**Problem statement**
Leave out all pictures and retype exactly the lines from the one with "I took this" through the last line of the material.

**Collected material**
%%
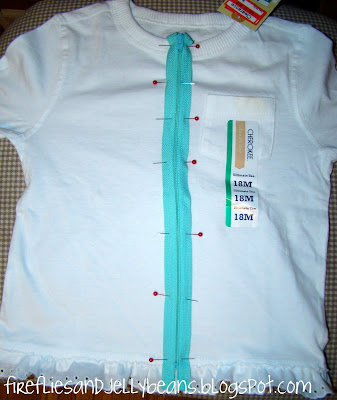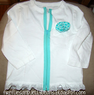 I then sewed it to the bottom of my shirt using a zig-zag stitch... I had the ends meet in the middle of the front where the zipper is going to be placed. (Sorry I worked too fast to take a picture of this part)
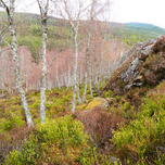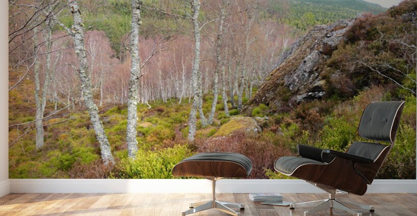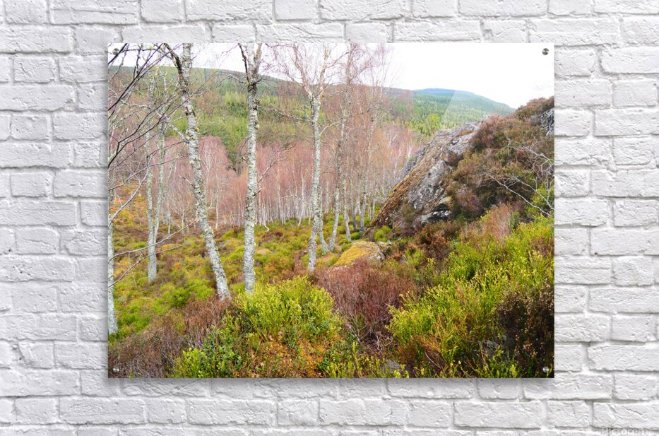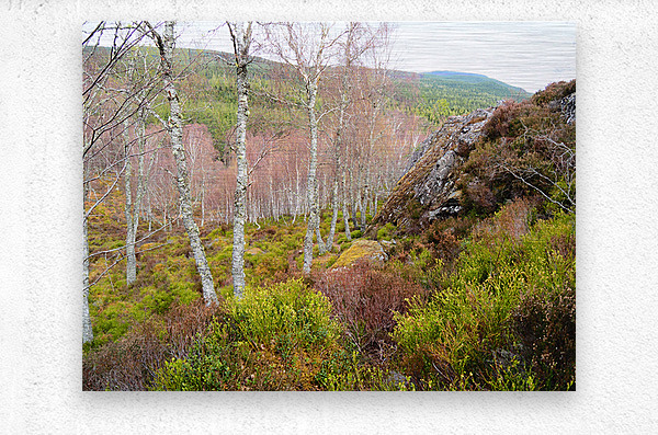 I took this photo during a lovely Spring walk through the Scottish Highlands. Features Birch trees standing tall in a lush, green landscape, with a rocky formation adding texture to the scene. The backdrop of rolling hills and vibrant vegetation created a serene natural setting.
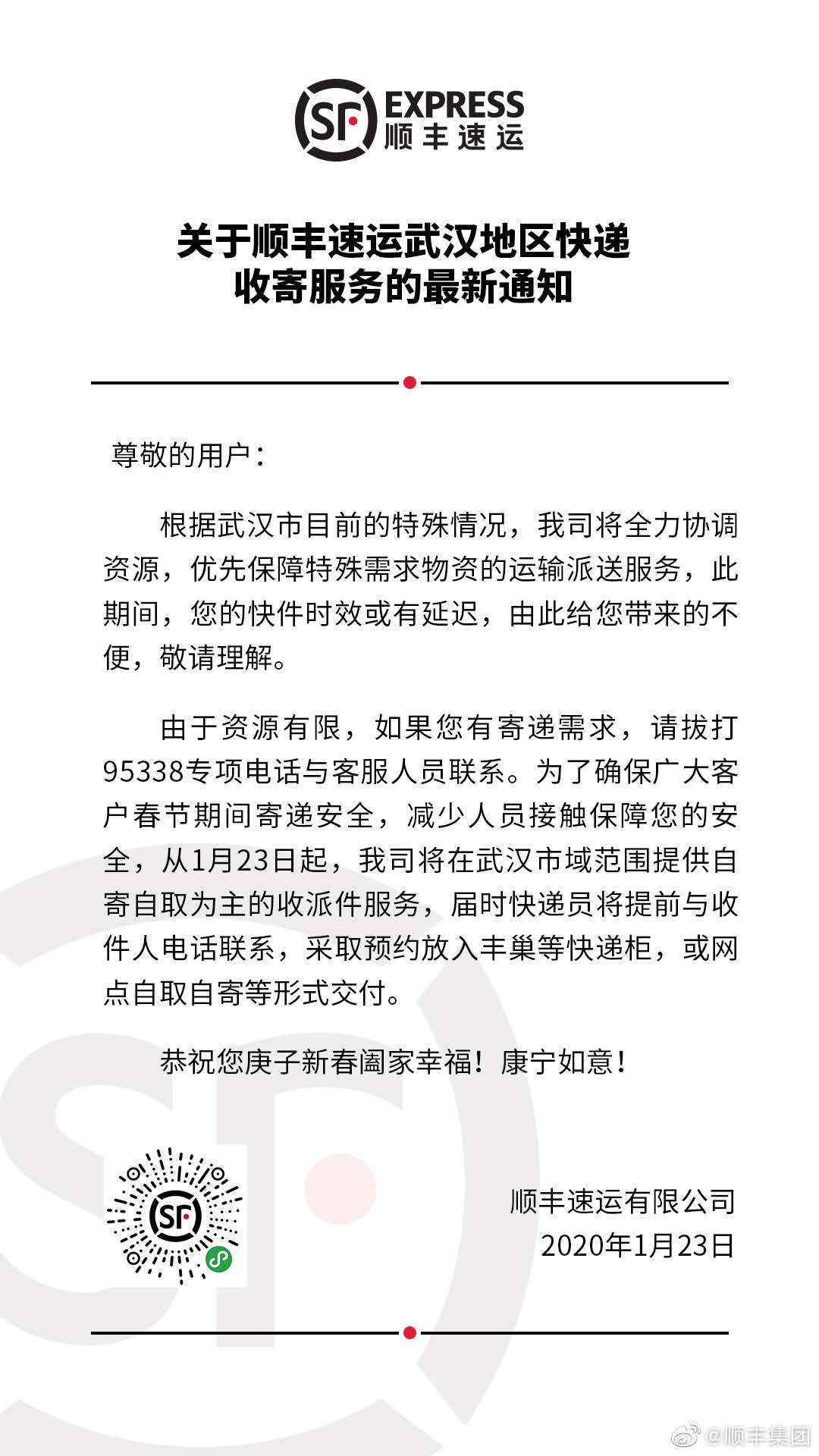 1月23日消息,顺丰速运发布武汉地区快递收寄服务最新通知,根据武汉市目前的特殊情况,顺丰速递将优先保障特殊需求物资的运输派送服务。此外,为确保客户春节期间寄递安全,从1月23日起,顺丰速递将在武汉市域范围提供自寄自取为主的收派件服务。
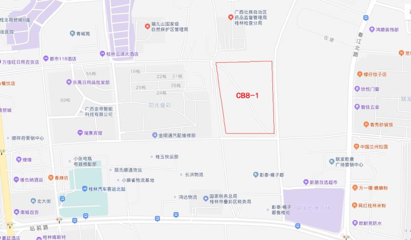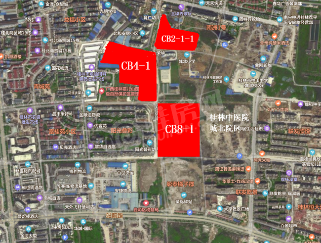 GJ202103地块(CB4-1地块)位于阳光叠彩小区北面、桂林食品药品检验所西面,与GJ202112地块(CB2-1-1地块)相距不远。
%%
**Expected output**
 I took this photo during a lovely Spring walk through the Scottish Highlands. Features Birch trees standing tall in a lush, green landscape, with a rocky formation adding texture to the scene. The backdrop of rolling hills and vibrant vegetation created a serene natural setting.
 1月23日消息,顺丰速运发布武汉地区快递收寄服务最新通知,根据武汉市目前的特殊情况,顺丰速递将优先保障特殊需求物资的运输派送服务。此外,为确保客户春节期间寄递安全,从1月23日起,顺丰速递将在武汉市域范围提供自寄自取为主的收派件服务。
 GJ202103地块(CB4-1地块)位于阳光叠彩小区北面、桂林食品药品检验所西面,与GJ202112地块(CB2-1-1地块)相距不远。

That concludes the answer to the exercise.